Lo sprint ha preso corpo ieri con il provvedimento del presidente dell’ufficio Gip del tribunale di Napoli, il quale ha disposto la riunificazione del procedimento che vedeva protagonista soltanto Giuseppe Lo Russo, difeso dall’avvocato Antonio Abet, reduce dal precedente annullamento del Riesame sulle esigenze di custodia cautelare. I tre ras dei “Capitoni” hanno chiesto e ottenuto di essere giudicati con il rito abbreviato: una mossa pressoché obbligata per sperare di provare a spuntare un eventuale sconto di pena. Il processo di primo grado inizierà con gran parte delle “carte” già sul tavolo della pubblica accusa e del giudice.

Se è vero infatti che la posizione di Carlo Lo Russo è chiara da tempo - con le sue rivelazioni ha infatti contribuito a risolvere il caso - anche Giuseppe Lo Russo nei mesi scorsi ha dato a suo modo un contributo non trascurabile: il boss di Miano ha infatti non soltanto ammesso gli addebiti, ma con una lunga e circostanziata lettera ha anche deciso di prendere le distanze dai propri trascorsi di malavitoso. Una piena dissociazione, che ha destato non poco clamore negli ambienti criminali di Napoli: Giuseppe Lo Russo, al netto di Domenico che però ha sempre avuto un ruolo minore nel clan, è infatti l’unico dei fratelli ras che non ha mai voluto collaborare con la giustizia.

Quanto all’accusa di cui i tre imputati eccellenti dovranno rispondere, vale la pena ricordare che le indagini erano arrivate a un punto di svolta nell’aprile dello scorso anno. Espedito Ussorio era un ex cutoliano di ferro e la sua presenza a Secondigliano, allora sotto la comune influenza dei Licciardi e dei Lo Russo, dava fastidio al boss Gennaro Licciardi “’a scigna”. Capoclan (poi deceduto per cause naturali) spietato, che diede l’ordine di eliminarlo.

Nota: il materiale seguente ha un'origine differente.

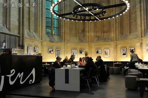 看来荷兰人不怎么把宗教当回事,但对读书却非常认真。荷兰人有喜欢阅读的习惯,也很多才多艺,马斯特里赫特本身就有很多大学生,一个12万人口的小城,大学以上的学生就有两万人,书店里总是人来人往也就不奇怪了。本地人,留学生和移民构成了马斯特里赫特充满生机的阅读文化氛围。每年超过70万来访者中慕名而来的游客越来越多,如果是参观教堂的游客,临走的时候不忘捎带两本书,而如果是买书的顾客,也一定会在咖啡馆小坐一下,感染一下这里的艺术气氛,或者欣赏一下正在进行的展览,喝杯饮料,翻翻书,静静地沉浸在书的世界中。

Era il 18 ottobre 1989 e la giustizia, lenta ma inesorabile, era comunque arrivata: uno dei mandanti, Giuseppe Lo Russo, e uno degli esecutori materiali, il fratello Domenico, avevano ricevuto in carcere, dove si trovano già detenuti per altri reati, un’ordinanza di custodia cautelare per l’omicidio, avvenuto sotto gli occhi del figlio 13enne della vittima. A risolvere il cold case, con il coordinamento della Dda, sono stati i poliziotti della sezione Omicidi della Squadra mobile. Secondo l’accusa, Giuseppe Lo Russo e Gennaro Licciardi diedero l’ordine di morte mentre l’agguato fu materialmente eseguito da Gennaro Sacco che sparò con l’aiuto di Ettore Sabatino, Domenico Lo Russo che ebbe il ruolo di “specchiettista” e Carlo Lo Russo, che guidava invece lo scooter utilizzato per la fuga del comando. Sabatino e “Carlucciello”, entrambi rei confessi, sono poi diventati collaboratori di giustizia In particolare è risultata importante la comparazione tra le dichiarazioni dei pentiti e la testimonianza dell’allora minorenne, il quale confermò che il padre zoppicava, circostanza in precedenza descritta anche dai pentiti che hanno contribuito allo sviluppo dell’inchiesta. Qualche mese dopo l’arresto, Giuseppe Lo Russo ha infine deciso di ammettere il proprio coinvolgimento nella vicenda.